_Action item_: Your answer must be a word-for-word copy of the listing below, minus its pictures.
** Opening Source material block **
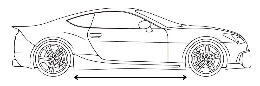 Step 1: Measure the distance between the front and rear tire treads, ensuring the measuring tape is 3″ above the ground.
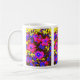 Um vibrante design azul, roxo, vermelho, amarelo e preto pop de petúnias.
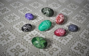 Nuotraukoje matoma muziejinės vertybės – margučiai (skutinėti, autorė R. Juodvalkytė). Audėklas – lovatiesė (audėja E. Patiejūnaitė). Saugomos Lietuvos etnokosmologijos muziejaus fonduose
** Closing Source material block **
_The completed task_:
 Step 1: Measure the distance between the front and rear tire treads, ensuring the measuring tape is 3″ above the ground.
 Um vibrante design azul, roxo, vermelho, amarelo e preto pop de petúnias.
 Nuotraukoje matoma muziejinės vertybės – margučiai (skutinėti, autorė R. Juodvalkytė). Audėklas – lovatiesė (audėja E. Patiejūnaitė). Saugomos Lietuvos etnokosmologijos muziejaus fonduose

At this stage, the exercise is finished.